--- Records for the exercise Enclosed Below ---
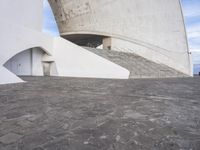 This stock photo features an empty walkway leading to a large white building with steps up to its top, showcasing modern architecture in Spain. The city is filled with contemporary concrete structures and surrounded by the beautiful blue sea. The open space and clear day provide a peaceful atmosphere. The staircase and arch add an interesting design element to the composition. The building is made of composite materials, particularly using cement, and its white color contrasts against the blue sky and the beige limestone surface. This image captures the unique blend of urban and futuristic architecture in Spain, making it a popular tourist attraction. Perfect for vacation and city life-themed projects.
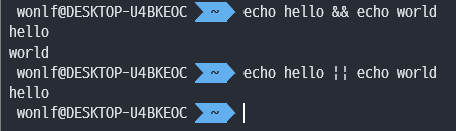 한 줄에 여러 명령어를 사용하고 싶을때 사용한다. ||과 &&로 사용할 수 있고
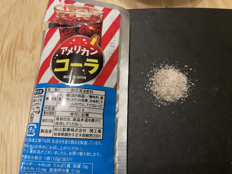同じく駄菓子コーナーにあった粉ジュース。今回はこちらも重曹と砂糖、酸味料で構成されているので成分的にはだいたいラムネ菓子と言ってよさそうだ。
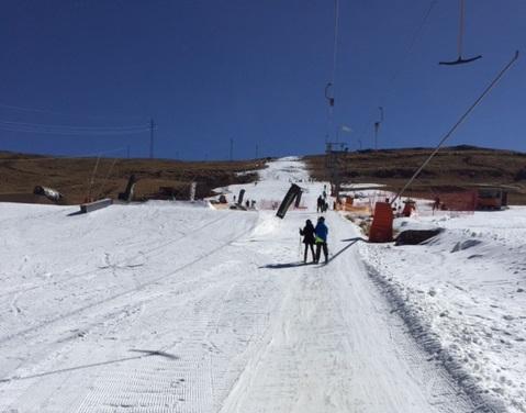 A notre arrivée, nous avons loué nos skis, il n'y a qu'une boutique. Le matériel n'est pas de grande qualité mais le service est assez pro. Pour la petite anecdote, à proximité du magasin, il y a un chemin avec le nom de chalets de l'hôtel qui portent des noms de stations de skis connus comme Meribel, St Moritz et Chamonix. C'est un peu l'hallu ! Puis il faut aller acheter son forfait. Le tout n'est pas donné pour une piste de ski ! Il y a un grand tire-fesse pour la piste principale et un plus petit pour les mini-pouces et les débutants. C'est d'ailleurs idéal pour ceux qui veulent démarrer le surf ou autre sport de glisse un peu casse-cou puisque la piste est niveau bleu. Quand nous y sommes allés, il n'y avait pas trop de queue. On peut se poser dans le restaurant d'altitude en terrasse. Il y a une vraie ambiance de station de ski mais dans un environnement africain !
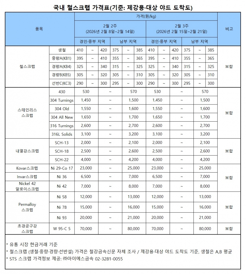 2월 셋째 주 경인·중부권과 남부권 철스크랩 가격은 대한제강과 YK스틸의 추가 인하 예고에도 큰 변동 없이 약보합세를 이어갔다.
--- End of Enclosed Records for the exercise ---
--- Records for the exercise Enclosed Below ---
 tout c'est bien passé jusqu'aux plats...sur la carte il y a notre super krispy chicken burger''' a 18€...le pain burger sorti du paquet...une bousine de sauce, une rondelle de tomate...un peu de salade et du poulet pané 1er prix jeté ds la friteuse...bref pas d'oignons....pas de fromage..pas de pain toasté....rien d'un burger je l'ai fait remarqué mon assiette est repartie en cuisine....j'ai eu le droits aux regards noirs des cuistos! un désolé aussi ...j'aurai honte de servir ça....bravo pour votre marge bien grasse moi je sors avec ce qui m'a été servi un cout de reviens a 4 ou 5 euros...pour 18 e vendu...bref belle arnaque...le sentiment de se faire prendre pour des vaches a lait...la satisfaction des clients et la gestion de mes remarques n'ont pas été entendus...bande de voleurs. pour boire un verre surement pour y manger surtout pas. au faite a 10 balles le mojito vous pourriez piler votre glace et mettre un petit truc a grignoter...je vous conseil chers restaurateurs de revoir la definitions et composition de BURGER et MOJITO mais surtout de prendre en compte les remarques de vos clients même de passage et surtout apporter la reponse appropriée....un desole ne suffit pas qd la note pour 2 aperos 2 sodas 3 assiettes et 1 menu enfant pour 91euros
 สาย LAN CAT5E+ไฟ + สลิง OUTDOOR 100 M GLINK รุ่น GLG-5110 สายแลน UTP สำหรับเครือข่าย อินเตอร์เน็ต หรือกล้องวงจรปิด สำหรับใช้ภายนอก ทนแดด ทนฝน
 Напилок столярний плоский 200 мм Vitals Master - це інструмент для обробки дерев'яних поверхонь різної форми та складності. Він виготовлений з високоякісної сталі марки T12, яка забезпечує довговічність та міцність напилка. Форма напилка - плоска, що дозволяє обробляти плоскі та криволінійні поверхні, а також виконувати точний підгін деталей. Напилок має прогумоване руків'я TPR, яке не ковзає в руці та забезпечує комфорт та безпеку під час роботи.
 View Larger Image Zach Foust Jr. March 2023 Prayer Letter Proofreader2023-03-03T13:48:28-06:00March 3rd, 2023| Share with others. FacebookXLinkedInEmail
--- End of Enclosed Records for the exercise ---
--- Records for the exercise Enclosed Below ---
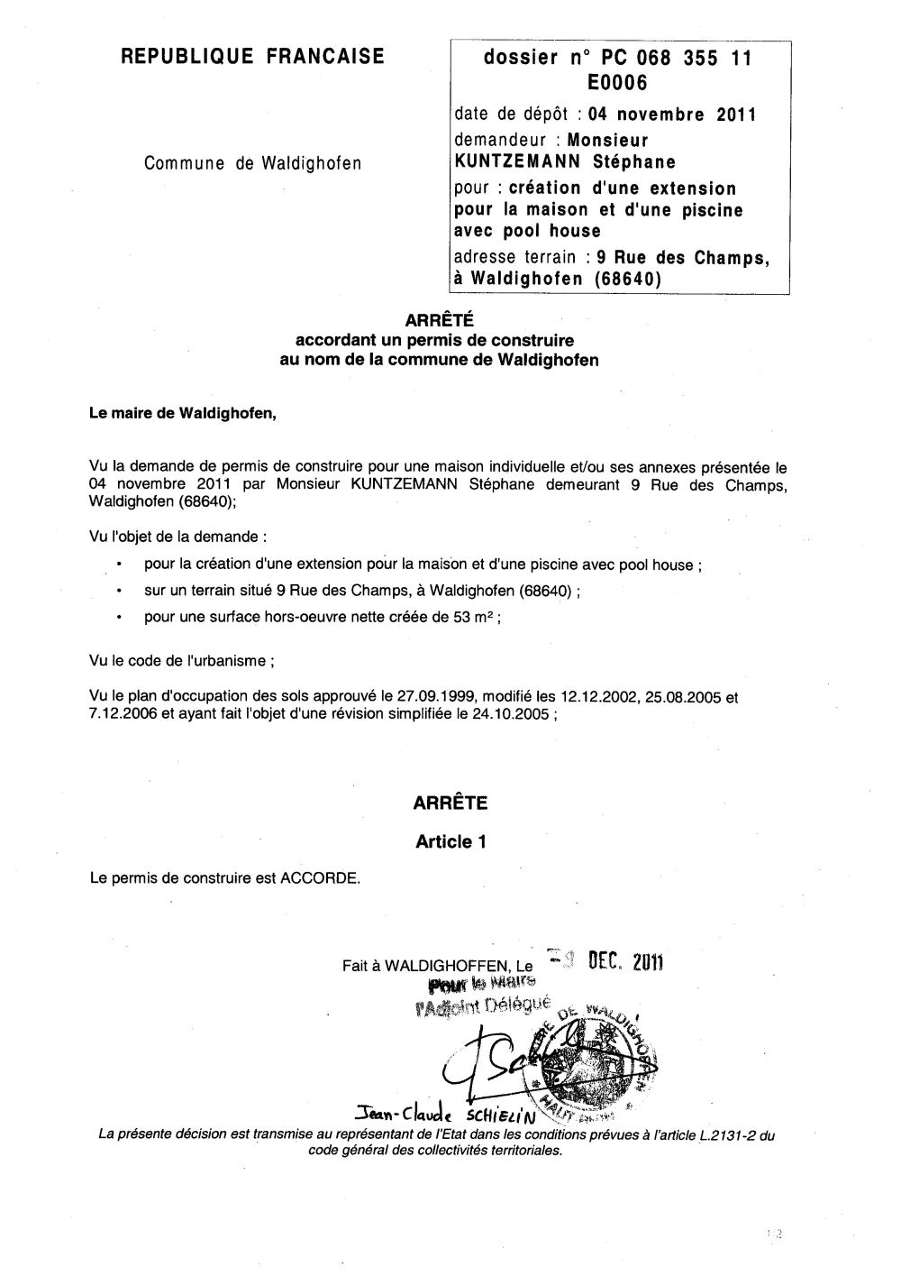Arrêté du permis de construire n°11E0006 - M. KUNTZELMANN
--- End of Enclosed Records for the exercise ---
> [Task description] Since only part of the listing is wanted, copy exactly the lines from the one holding "สาย LAN CAT5E+ไฟ" to the one holding "View Larger Image", both included.

> [Result of this exercise]
 สาย LAN CAT5E+ไฟ + สลิง OUTDOOR 100 M GLINK รุ่น GLG-5110 สายแลน UTP สำหรับเครือข่าย อินเตอร์เน็ต หรือกล้องวงจรปิด สำหรับใช้ภายนอก ทนแดด ทนฝน
 Напилок столярний плоский 200 мм Vitals Master - це інструмент для обробки дерев'яних поверхонь різної форми та складності. Він виготовлений з високоякісної сталі марки T12, яка забезпечує довговічність та міцність напилка. Форма напилка - плоска, що дозволяє обробляти плоскі та криволінійні поверхні, а також виконувати точний підгін деталей. Напилок має прогумоване руків'я TPR, яке не ковзає в руці та забезпечує комфорт та безпеку під час роботи.
 View Larger Image Zach Foust Jr. March 2023 Prayer Letter Proofreader2023-03-03T13:48:28-06:00March 3rd, 2023| Share with others. FacebookXLinkedInEmail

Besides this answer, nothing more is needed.